▶ Available records
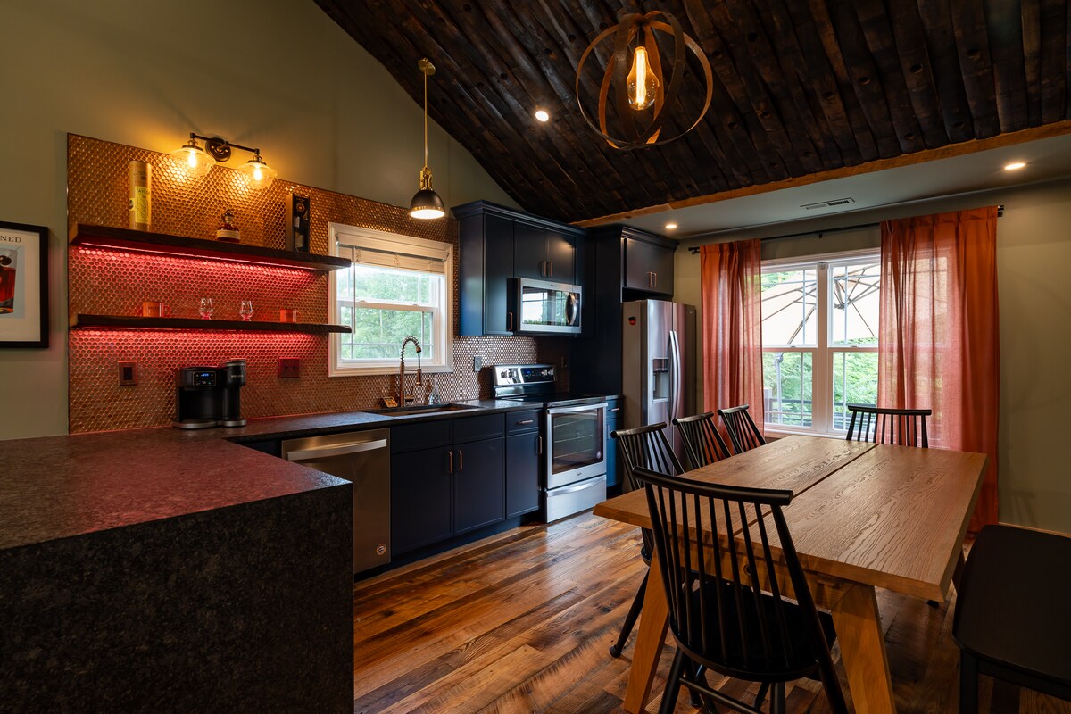 Sip, savor, and relax at this bourbon-inspired lakehouse with modern design, cozy cabin charm, and a private hot tub. Perfectly nestled near the water, this stylish retreat offers the perfect blend of relaxation and adventure. With 3 spacious bedrooms, 5 comfy beds, and 3 bathrooms, our cabin is ideal for groups looking to unwind in comfort. Enjoy cozy evenings in the hot tub or gather around the community fire pit, perfect for roasting marshmallows and stargazing.
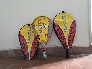 Lote de 2 raquetas de tenis Dunlop modelo Slam 21, perfectas para niños entre 4 y 6 años (longitud 21 pulgadas). Son muy ligeras y manejables, ideales para iniciarse en el tenis o las primeras clases en club. Incluyen funda original Dunlop para cada raqueta y están en buen estado general, con grip original y cuerdas tensas.
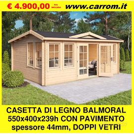 € 4.900,00CASETTA DI LEGNO BALMORAL 550x400x239h CON PAVIMENTO spessore 44mm, DOPPI VETRI DGP+;
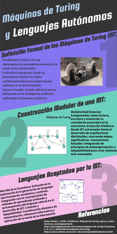 Modularidad Esencial: Componentes como lectura, escritura y transición se consideran esenciales en la estructura. Evolución Histórica: Desde MT universales hasta el desarrollo de arquitecturas distribuidas, marcando etapas significativas. Innovaciones Actuales: Integración de principios de autoorganización y adaptabilidad para crear sistemas más avanzados.
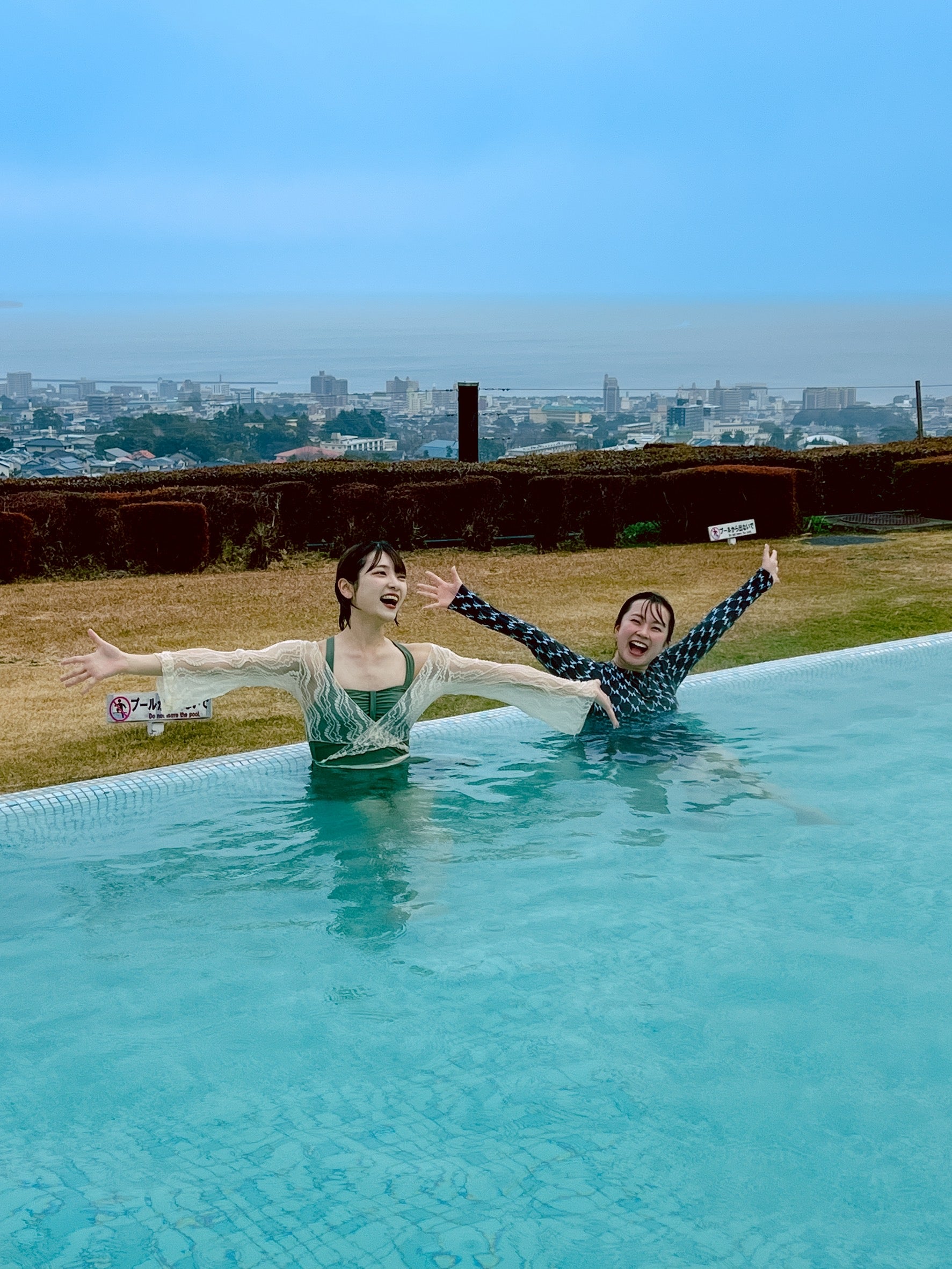 今回のチャギハ!は「湯けむり大分 いやし旅」。くにさきなるみと三角英恵の2人が訪れたのは、別府温泉杉乃井ホテル。

▶ Task to complete
Your task is to copy word for word the lines from the line containing "Modularidad Esencial: Componentes" to the end of the listing, both included, and to drop any pictures.

▶ Written response
 Modularidad Esencial: Componentes como lectura, escritura y transición se consideran esenciales en la estructura. Evolución Histórica: Desde MT universales hasta el desarrollo de arquitecturas distribuidas, marcando etapas significativas. Innovaciones Actuales: Integración de principios de autoorganización y adaptabilidad para crear sistemas más avanzados.
 今回のチャギハ!は「湯けむり大分 いやし旅」。くにさきなるみと三角英恵の2人が訪れたのは、別府温泉杉乃井ホテル。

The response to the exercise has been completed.